[[ Source data, beginning ]]
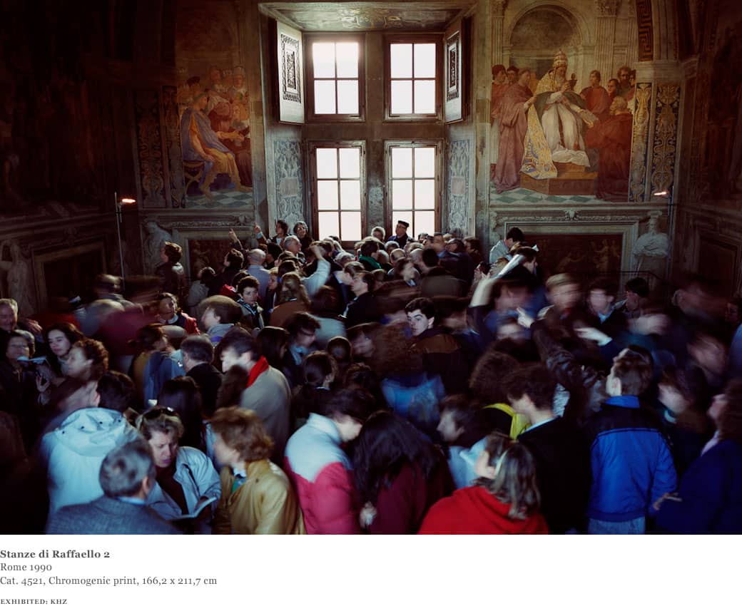During the same visit to Rome, he also made two photographs in the Stanze di Raffaello in the Musei Vaticani. One, with a frenzied crowd of visitors, prefigures subsequent series of works made in the Hermitage Museum in St. Petersburg and the Museo del Prado in Madrid.
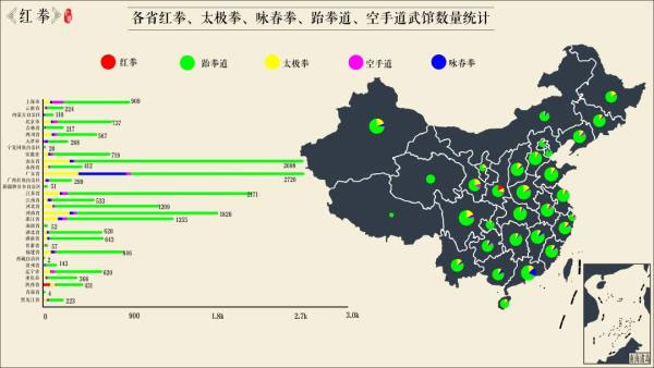 另据高德数据显示,截至2020年,以太极拳、咏春拳、红拳为代表的传统武馆在中国开设的数量为3283家,其中太极拳2259家,主要以广东省、河南省、山东省、江苏省、浙江省为主;红拳75家,主要在陕西省;咏春拳949家,主要在广东省。与此形成对比的时,源起于日本的空手道在中国开设武馆621家,以上海市居多。源起于韩国的跆拳道在中国280个城市开设武馆17219家,上海市最高可达691家。由此可见国人对外来武术的追捧程度。
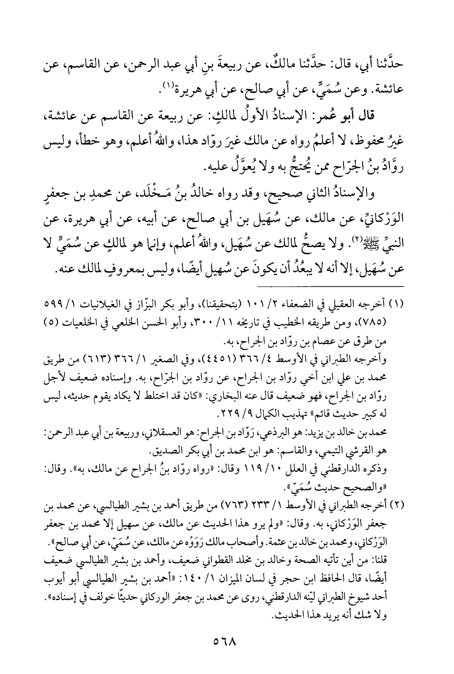 قال أبو عُمر: الإسنادُ الأولُ لمالكٍ: عن ربيعة عن القاسم عن عائشة، غيرُ محفوظ، لا أعلمُ رواه عن مالك غيرَ روّاد هذا، واللَّهُ أعلم، وهو خطأ، وليس روَّادُ بنُ الجرّاح ممن يُحتجُّ به ولا يُعوَّلُ عليه.
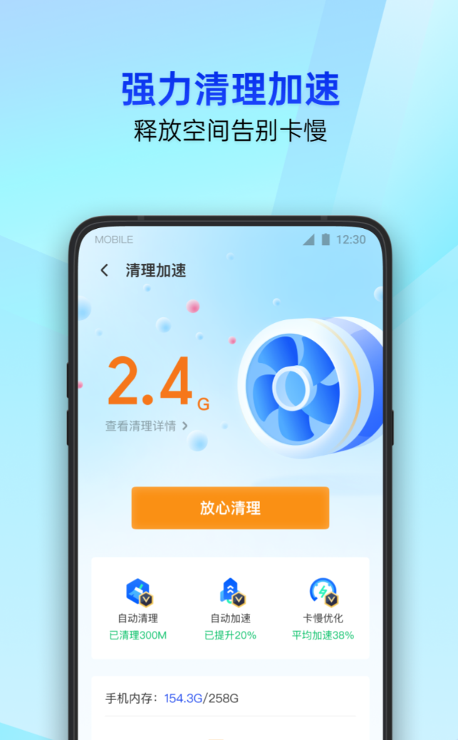 安全方面的事情他能管,储存方面的事他也能管!能自动识别手机中长期不用的软件,帮助大家清理空间,同时也能精准打击潜入手机内部的病毒,让大家安心使用手机。
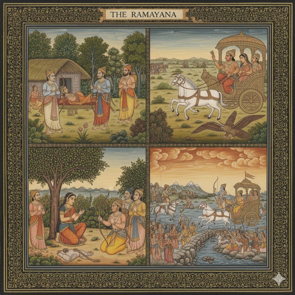הראמאיאנה היא אפוס אחר, קצר בהרבה אך לא פחות חשוב. היא מגוללת את סיפורו של ראמה, גלגול של האל וישנו, היוצא להציל את רעייתו סיטה שנחטפה בידי שד מרושע. זהו סיפור של אהבה, נאמנות, אומץ וציות לחובה, והוא משמש עד היום מודל מוסרי להתנהגות אנושית בהודו. הראמאיאנה אינה רק סיפור מיתולוגי, אלא גם ביטוי לערכים החברתיים העמוקים של התרבות ההינדואית – כבוד, נאמנות, טוהר וצדק.
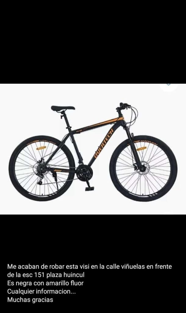 Una bicicleta fue robada en la calle Viñuelas, frente a la escuela N° 151 en Plaa Huincul. La bici s negra con amarillo fluo.
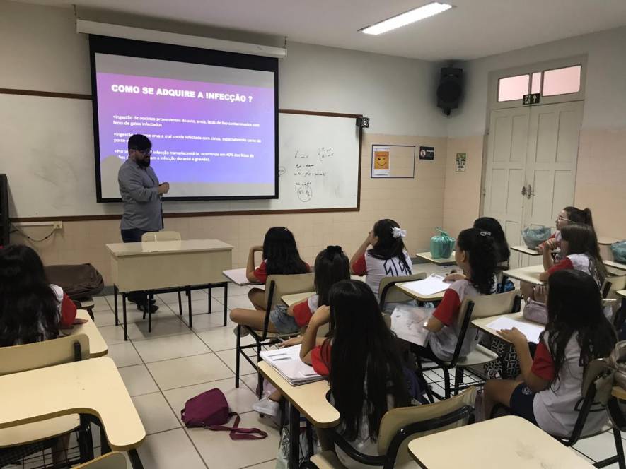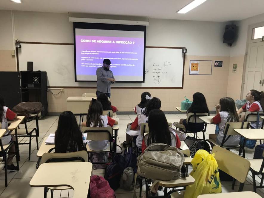 Desenvolvendo o projeto "Sensibilização sobre a Toxoplasmose em Campos dos Goytacazes", 4º ano fundamental do CENSA recebeu o médico pediatra Raphael Barros Maia, para uma palestra, no dia 24 de setembro. O objetivo foi esclarecer dúvidas e conhecer as formas de contágio e sintomas da doença. Cientes de que a falta de tratamento da água é o principal fator dos altos níveis da doença na cidade, os alunos apresentaram suas ideias de prevenção ao palestrante, propondo uma solução para o problema.
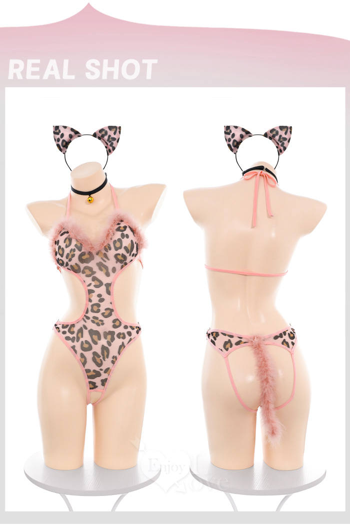 | 貓咪角色扮演服!粉紅豹紋毛絨飾胸鏤腰露臀開襠連身衣三件組
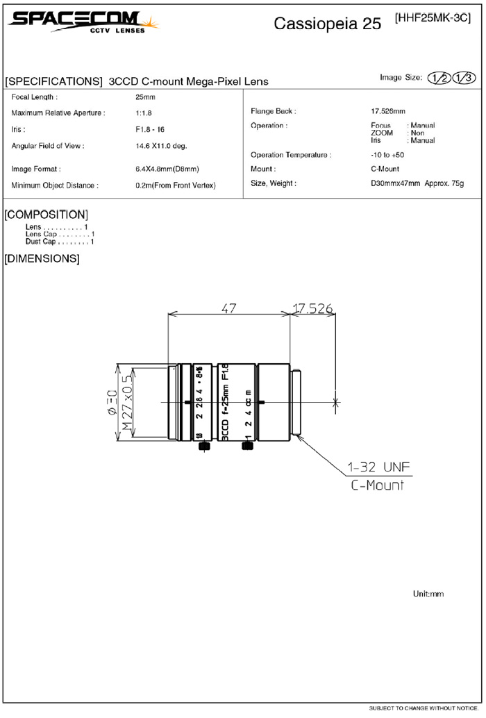 [SPACECOM]1.45Mega Pixel Lens for 3CCD HHF25MK3C 25mm C-mount 1/2"(°ßÀû¿äû)
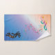 Music notes from playing his flute. Moon and stars Southwest Kokopelli Bath Towels. Native American Southwestern Abstract Kokopelli decorated in colourful moon and star symbols. Cave Petroglyph inspired. Vivid music note on multicolored background. A colour combination that you can customise to match your bathroom decor. Kokopelli is a fertility deity, a humpbacked flute player, win  Native American cultures. Attributed to ancient aliens or tribal art and inspired by cave and rock drawings. Customise your Kokopelli bath towels colours and styles. Great gift idea for those that ponder the ancient mysteries of the planet.
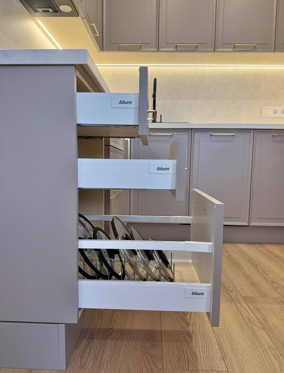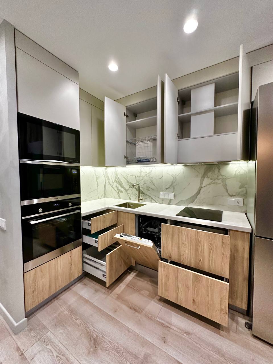 ▪️Интегрированная техника: Вся техника гармонично вписана в гарнитур, не нарушая единый стиль. Это не только красиво, но и удобно в использовании.
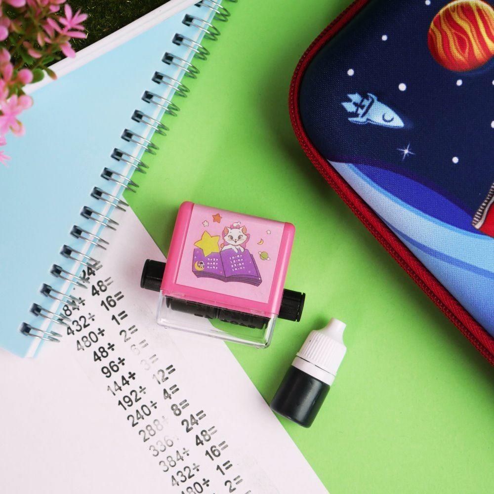 Cu această ștampilă, veți scrie în câteva secunde mai multe exemple. Copiii își vor exersa astfel cunoștințele și abilitățile matematice. Ștampila funcționează astfel încât puteți seta cifrele care vor apărea în exemple, apoi trebuie doar să treceți peste hârtie, iar ștampila va imprima câteva exemple pentru calcul. Numerele pot fi schimbate cu ușurință prin rotirea rotiței de pe ambele părți ale ștampilei. Datorită acestui fapt, puteți varia exemplele, astfel încât să nu fie la fel. În pachet este inclus și un rezervă de cerneală.
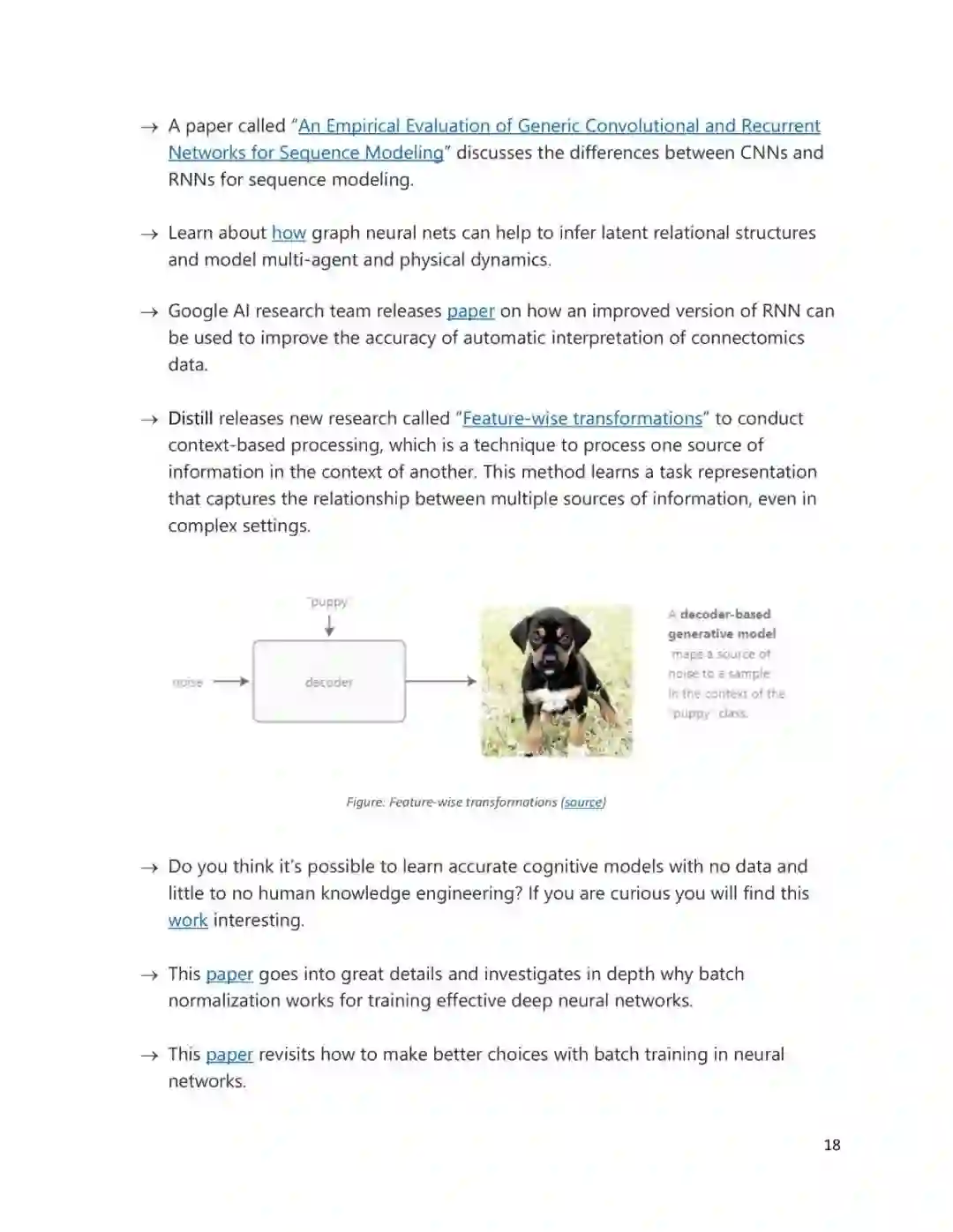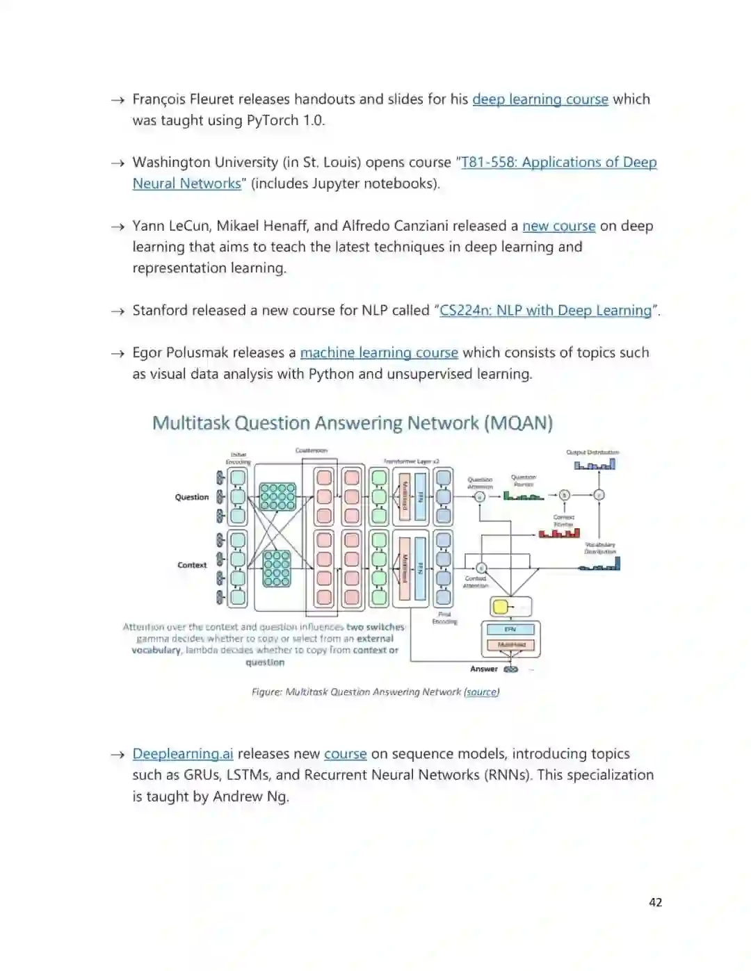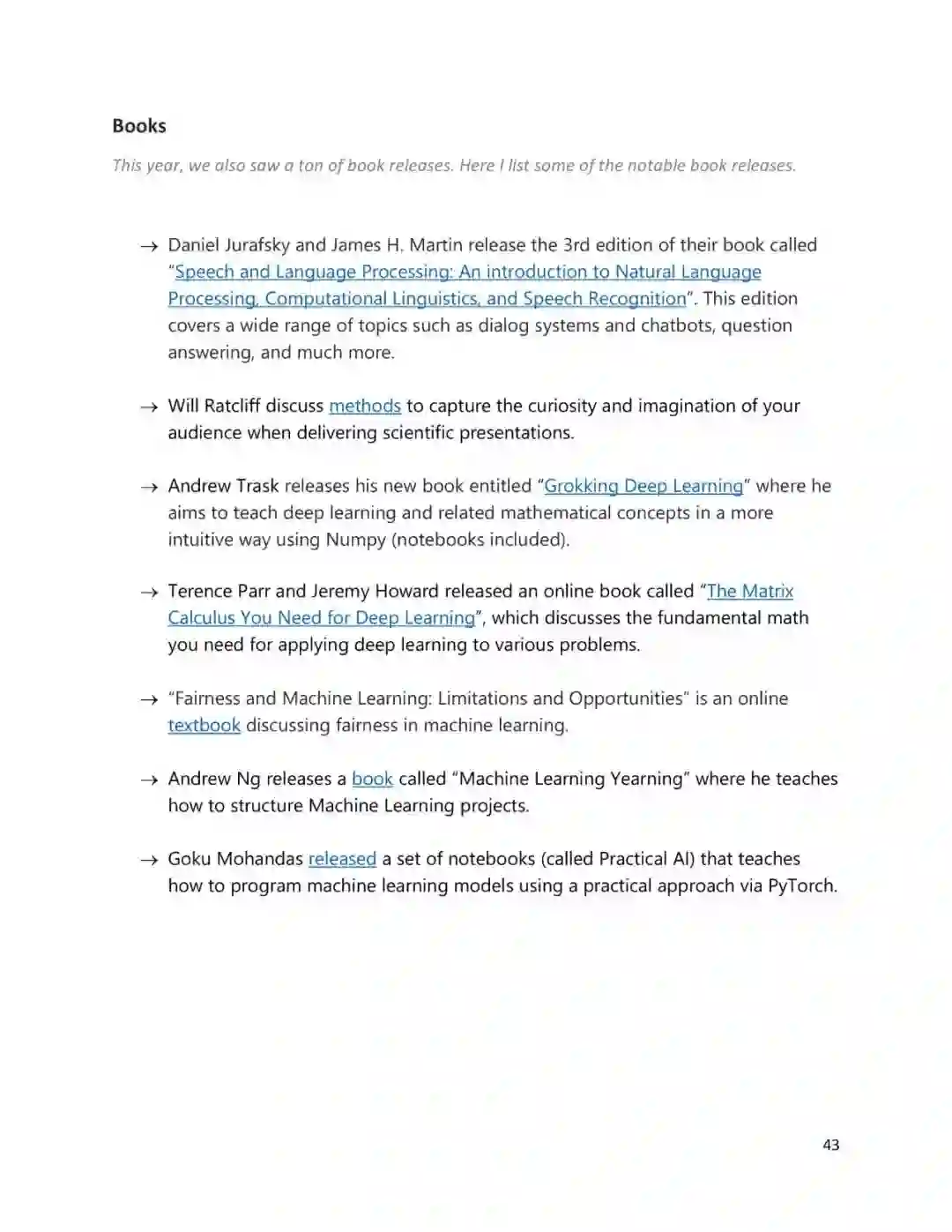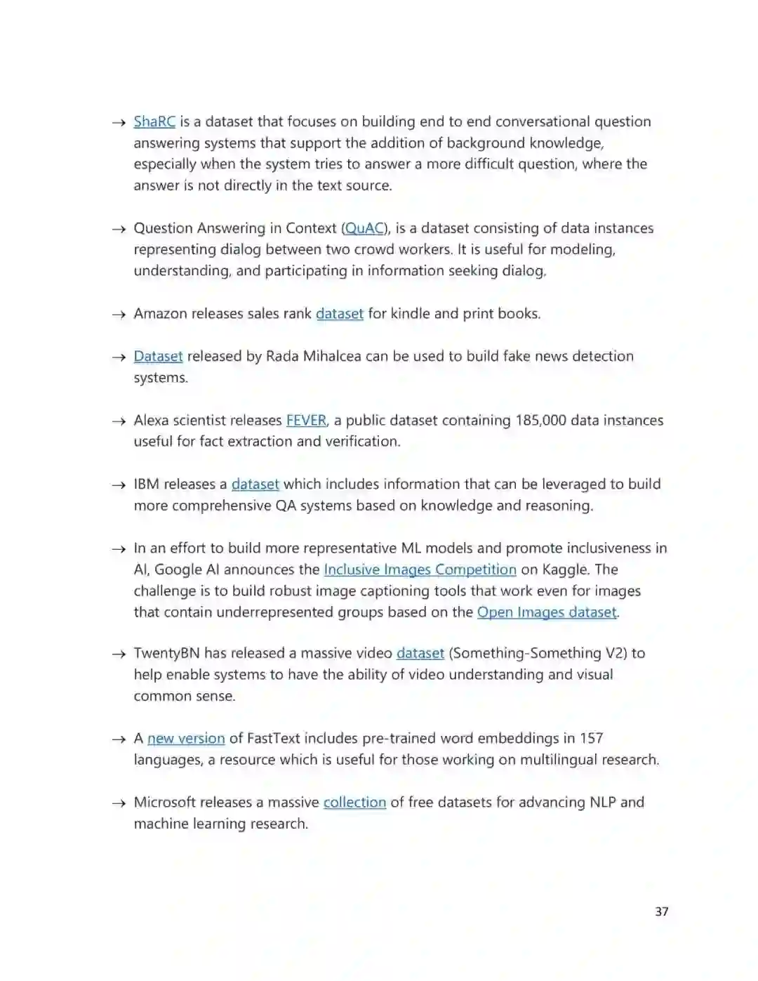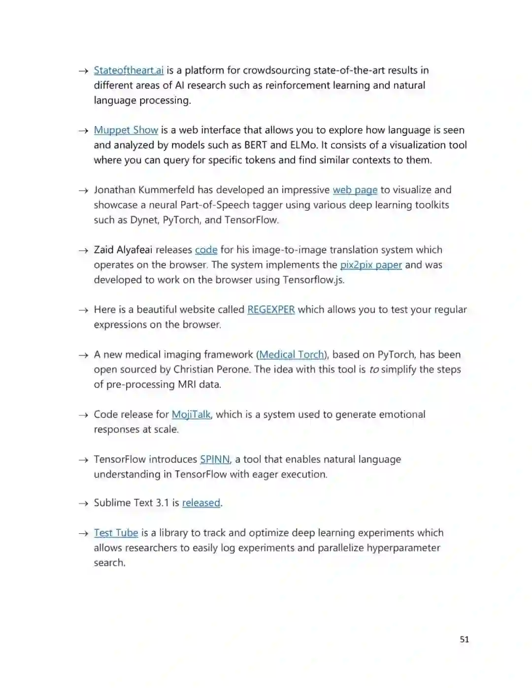 《NLP highlights of 2018》2018年学术界和工业界NLP最重要的事件和技术亮点,作者Elvis Saravia希望这份PDF可以为研究者和开发者起到指导作用(新手入门和专家进阶)。PDF的内容是dair.ai每周的NLP Newsletter的扩展汇编版本。作者将内容进行了分类,主要类别有:AI伦理学、研究出版、趋势、教育、资源、工业等。
[[ Source data, end ]]
- **Task to complete**: What are the lines above from the one with "הראמאיאנה היא אפוס" to the one with "удобно в использовании.", both included? Reproduce them exactly, without pictures.

- **Task solution**:
הראמאיאנה היא אפוס אחר, קצר בהרבה אך לא פחות חשוב. היא מגוללת את סיפורו של ראמה, גלגול של האל וישנו, היוצא להציל את רעייתו סיטה שנחטפה בידי שד מרושע. זהו סיפור של אהבה, נאמנות, אומץ וציות לחובה, והוא משמש עד היום מודל מוסרי להתנהגות אנושית בהודו. הראמאיאנה אינה רק סיפור מיתולוגי, אלא גם ביטוי לערכים החברתיים העמוקים של התרבות ההינדואית – כבוד, נאמנות, טוהר וצדק.
 Una bicicleta fue robada en la calle Viñuelas, frente a la escuela N° 151 en Plaa Huincul. La bici s negra con amarillo fluo.
 Desenvolvendo o projeto "Sensibilização sobre a Toxoplasmose em Campos dos Goytacazes", 4º ano fundamental do CENSA recebeu o médico pediatra Raphael Barros Maia, para uma palestra, no dia 24 de setembro. O objetivo foi esclarecer dúvidas e conhecer as formas de contágio e sintomas da doença. Cientes de que a falta de tratamento da água é o principal fator dos altos níveis da doença na cidade, os alunos apresentaram suas ideias de prevenção ao palestrante, propondo uma solução para o problema.
 | 貓咪角色扮演服!粉紅豹紋毛絨飾胸鏤腰露臀開襠連身衣三件組
 [SPACECOM]1.45Mega Pixel Lens for 3CCD HHF25MK3C 25mm C-mount 1/2"(°ßÀû¿äû)
 Music notes from playing his flute. Moon and stars Southwest Kokopelli Bath Towels. Native American Southwestern Abstract Kokopelli decorated in colourful moon and star symbols. Cave Petroglyph inspired. Vivid music note on multicolored background. A colour combination that you can customise to match your bathroom decor. Kokopelli is a fertility deity, a humpbacked flute player, win  Native American cultures. Attributed to ancient aliens or tribal art and inspired by cave and rock drawings. Customise your Kokopelli bath towels colours and styles. Great gift idea for those that ponder the ancient mysteries of the planet.
 ▪️Интегрированная техника: Вся техника гармонично вписана в гарнитур, не нарушая единый стиль. Это не только красиво, но и удобно в использовании.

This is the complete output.